In the following example, a distributed join is executed against a four node cluster to return data about customers and their orders. Before executing a PROFILE
statement, it’s best to first execute an EXPLAIN
statement to understand the execution path for a query. EXPLAIN
may also inform you that you should first run an ANALYZE
statement to ensure the database has the most up-to-date statistics on its data.
memsql> EXPLAIN SELECT COUNT(*) FROM orders o INNER JOIN customer c ON o.custkey = c.custkey;
+--------------------------------------------------------------------------------------------------------------------------------------+
| EXPLAIN |
+--------------------------------------------------------------------------------------------------------------------------------------+
| Project [CAST(COALESCE($0,0) AS SIGNED) AS `count(*)`] |
| Aggregate [SUM(remote_0.`count(*)`) AS $0] |
| Gather partitions:all est_rows:1 alias:remote_0 |
| Project [`count(*)`] est_rows:1 est_select_cost:3308565 |
| Aggregate [COUNT(*) AS `count(*)`] |
| NestedLoopJoin |
| |---IndexSeek memsql_demo.customer AS c, PRIMARY KEY (custkey) scan:[custkey = r0.custkey] est_table_rows:150000 est_filtered:150000 |
| TableScan r0 storage:list stream:no |
| Repartition [o.custkey] AS r0 shard_key:[custkey] est_rows:1102855 |
| TableScan memsql_demo.orders AS o, PRIMARY KEY (orderkey) est_table_rows:1102855 est_filtered:1102855 |
+--------------------------------------------------------------------------------------------------------------------------------------+
10 rows in set (0.00 sec)
From this EXPLAIN
statement, it’s clear that a repartition is required, and that a nested loop join will be performed.
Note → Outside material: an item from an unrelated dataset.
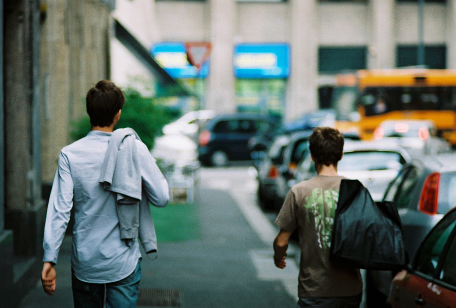 Due soggetti di spalle che camminano lungo un marciapiede cittadino difficilmente riescono a raccontare qualcosa di significativo. O per meglio dire, l'aspetto narrativo dello scatto viene lasciato interamente alle libere suggestioni dell'osservatore il quale, in base al proprio grado di fantasia (o a quello che si è fumato.. ), potrà vederci qualcosa, come anche non vederci niente....

Now you can run the PROFILE
statement with the same SELECT
query to gather resource usage metrics.
memsql> PROFILE SELECT COUNT(*) FROM orders o INNER JOIN customer c ON o.custkey = c.custkey;
+----------+
| count(*) |
+----------+
| 1102855 |
+----------+
1 row in set (0.17 sec)
The PROFILE
statement will output the same results as the inner SELECT
statement, but it has also gathered resource usage metrics. To see the metrics, you must run the SHOW PROFILE
statement.
memsql> SHOW PROFILE;
+-----------------------------------------------------------------------------------------------------------------------------------------------------------+
| PROFILE |
+-----------------------------------------------------------------------------------------------------------------------------------------------------------+
| Project [CAST(COALESCE($0,0) AS SIGNED) AS `count(*)`] actual_rows: 1 network_traffic: 0.008000 KB |
| Aggregate [SUM(remote_0.`count(*)`) AS $0] actual_rows: 32 |
| Gather partitions:all est_rows:1 alias:remote_0 actual_rows: 32 exec_time: 71ms |
| Project [`count(*)`] est_rows:1 est_select_cost:3308565 actual_rows: 32 network_traffic: 0.192000 KB |
| Aggregate [COUNT(*) AS `count(*)`] actual_rows: 1102855 |
| NestedLoopJoin actual_rows: 1102855 |
| |---IndexSeek memsql_demo.customer AS c, PRIMARY KEY (custkey) scan:[custkey = r0.custkey] est_table_rows:150000 est_filtered:150000 actual_rows: 1102855 |
| TableScan r0 storage:list stream:no actual_rows: 1102855 exec_time: 70ms |
| Repartition [o.custkey] AS r0 shard_key:[custkey] est_rows:1102855 actual_rows: 1102855 network_traffic: 6904.042969 KB |
| TableScan memsql_demo.orders AS o, PRIMARY KEY (orderkey) est_table_rows:1102855 est_filtered:1102855 actual_rows: 1102855 exec_time: 57ms |
+-----------------------------------------------------------------------------------------------------------------------------------------------------------+
10 rows in set (0.00 sec)
After the SHOW PROFILE
statement has been executed, you can see from the example above that actual rows, network traffic, and execution time have been appended to the end of the execution tree lines. The Repartition
operation was a particularly expensive operation, requiring nearly 7MB of network traffic.